The Processes of Adaptation in Intimate Relationships Project was conceived in 1979 at the Pennsylvania State University. The project was originally designed to follow a sampleof newlyweds through the first two and a half years of marriage, tracing the development of such patterns of marital interaction as the division of labor, leisure, conflict, and the expression of positive and negative affect. An important feature of the original purpose of the project was to gather detailed information on courtship so that the early years of marriage could be studied in the context of each couple's relationship. By the second phase of the Project many of the couples had become parents. Data collection was thus expanded to include respondents' perceptions of the child-related issues in their lives, as well as perceptions of their relationships to work.

The couples who participated in the initial waves of the study were all in their first marriages, and most of them resided in small towns and rural areas in Central Pennsylvania. Names of newly wedded couples were drawn from public marriage license records maintained in four county courthouses. Couples were eligible to participate if (1) both spouses were English-speaking, (2) neither had been married previously, and (3) they had no moving plans for the two years of the initial study.

Each couple was interviewed by two trained interviewers, a man and a woman. The interviews took place in the homes of the respondents, with the first part of each interview conducted with the couple as a pair. Couples were later separated for individual interviews. For each phase, interviewers also called the couples on nine different evenings to gather information on the spouses' daily activities.

After the first three planned waves of data collection, the Project began to analyze and publish the results of the study, resulting in several  papers and findings. In addition, findings appeared in articles in such publications as Redbook, Bride, the New York Times, and Self magazine. The Project was even included in a British television miniseries on marital research.
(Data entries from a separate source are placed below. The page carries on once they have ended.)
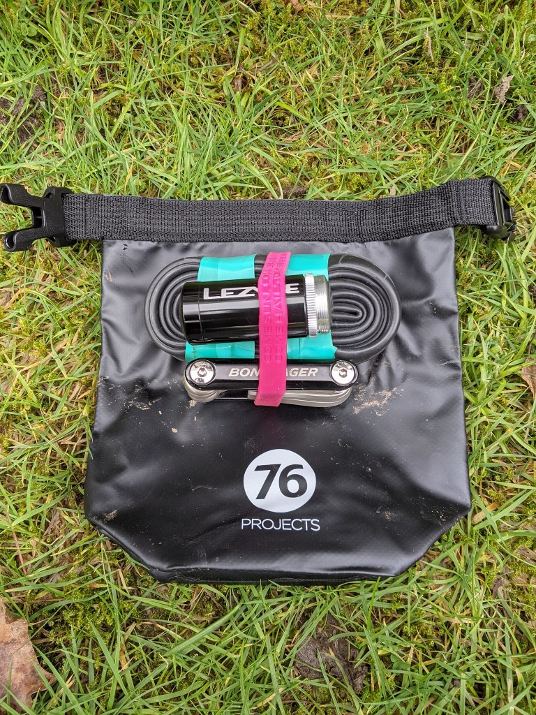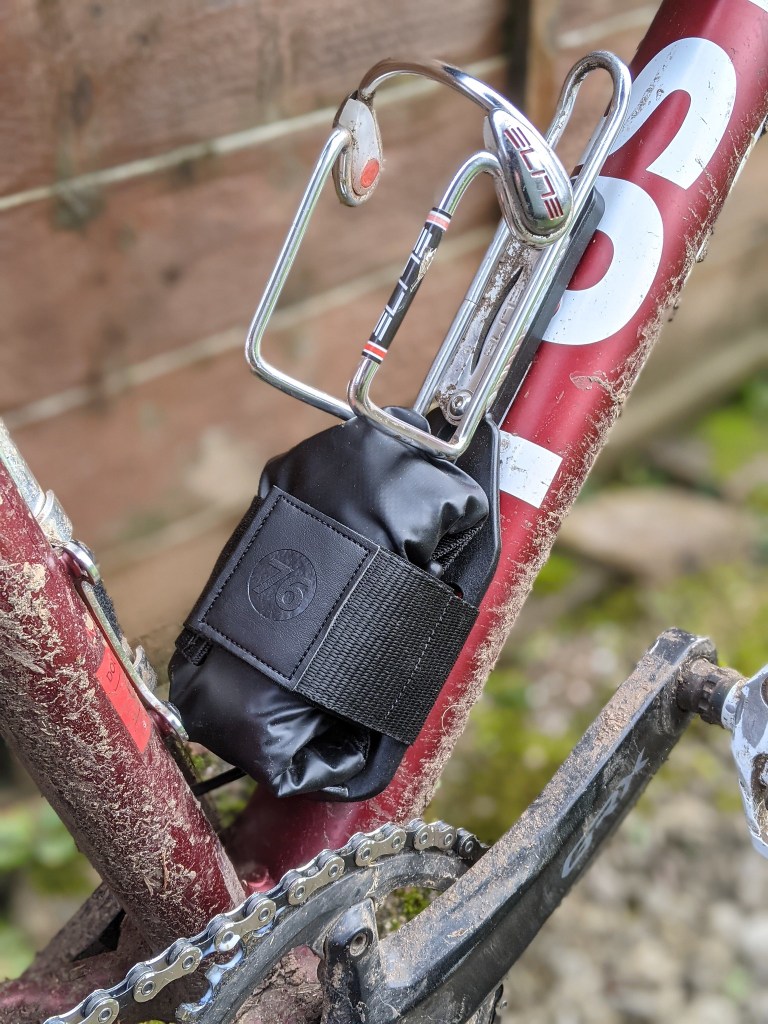 The Piggy bike storage really does work, it holds everything securely and it’s easy to access when you need them. I added the dry bag option and unless you want your tools and tubes covered in whatever is thrown up from the wheels I think its essential. 76 Projects also sell a fabric zipped bag too that looks very neat. At £25 for the mount alone I think it’s pretty good value for money. The dry bag adds another £10 More details on76 Projects “The Piggy” can be found here
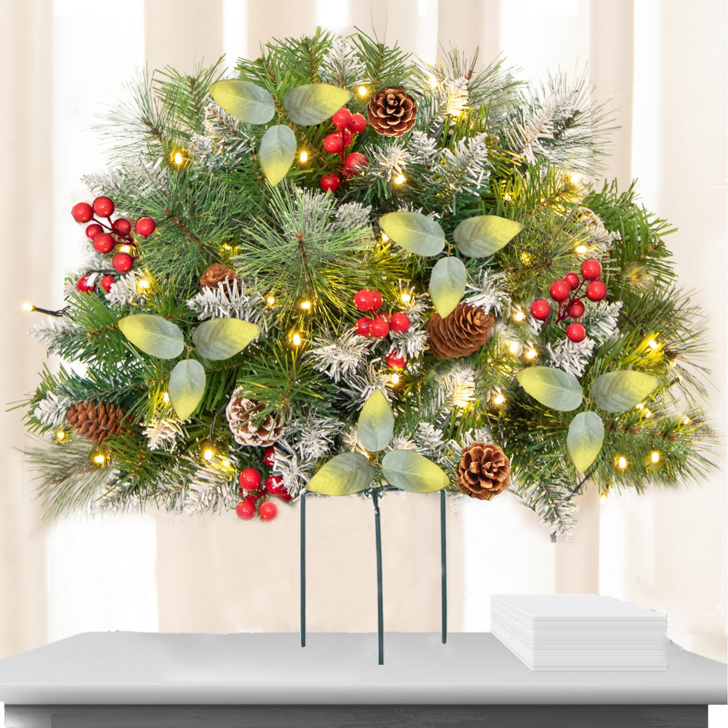 クロスボーダークリスマス花輪地挿し雪松紅果発光生け花シミュレーション緑植創意クリスマス装飾
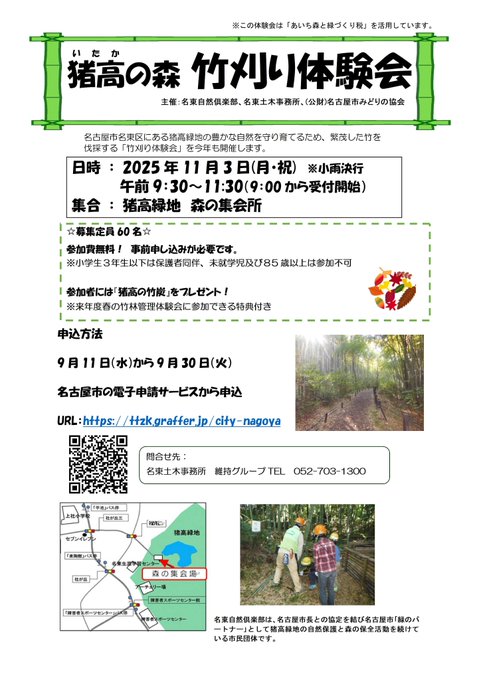 【猪高の森 竹刈り体験会 申込開始!】 増えすぎた竹を伐採する、緑地管理の体験会です。 参加者には、来年度春の竹林管理体験会(タケノコ掘り)に参加できる特典付き! ▼申込はこちら https://ttzk.graffer.jp/city-nagoya/proc-search/procedures/71a4fba1-5187-43d8-aab4-92840cb8ac41…
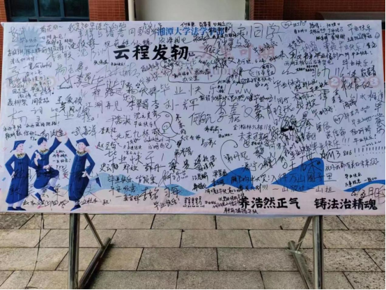 毕业签名板。“云程发轫,万事可期”,在印着院训的毕业签名板上,毕业生们纷纷执笔留下墨迹,有开心,有不舍,但更多的是对未来的憧憬,愿有前程可奔赴,亦有青春可回首。
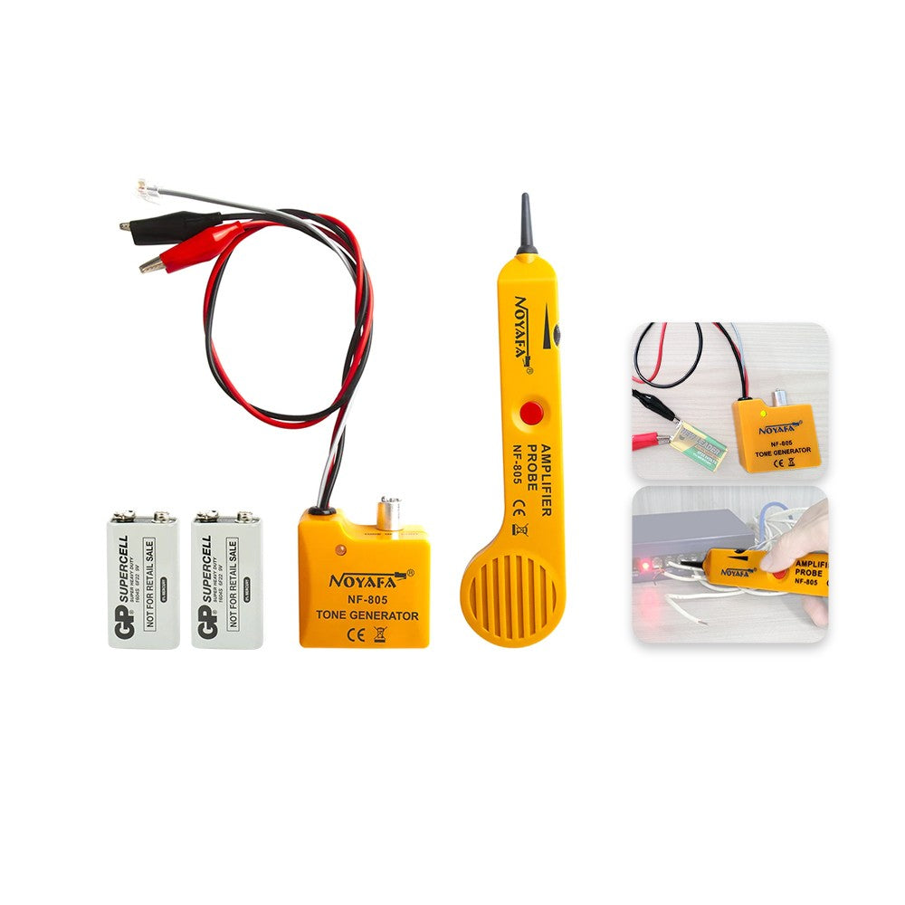 NOYAFA NF-805 Tone Generator and Probe Kit for Telephone and Network Line Test Features & Benefits: Tracing and Identifying Wires: Quickly and accurately locate wires in a bundle using the Tone Generator. Network Cable Testing: Test Cat3, telephone, coaxial, and audio/video signal cables for open and short circuits, and miswires. Versatile Probe: Works with any existing tone generator on the market. Continuity Testing: Choose between CONT Mode for standard testing and TONE Mode for tracing wires with a tone generator....

In 1985, principle investigator Ted Huston moved to the University of Texas at Austin. In 1991, a follow-up was proposed, and search processes for the original participants were set in motion. When recontacted, the respondents were scattered all over the nation, and some had even moved abroad. Almost all of the couples consented to be re-interviewed, resulting in a vast amount of new information on the antecedents of long-term distress and divorce. Currently, we are working on several new papers that we hope will prove to be as worthy of interest as our papers published over the years pertaining to courtship and the early years of marriage.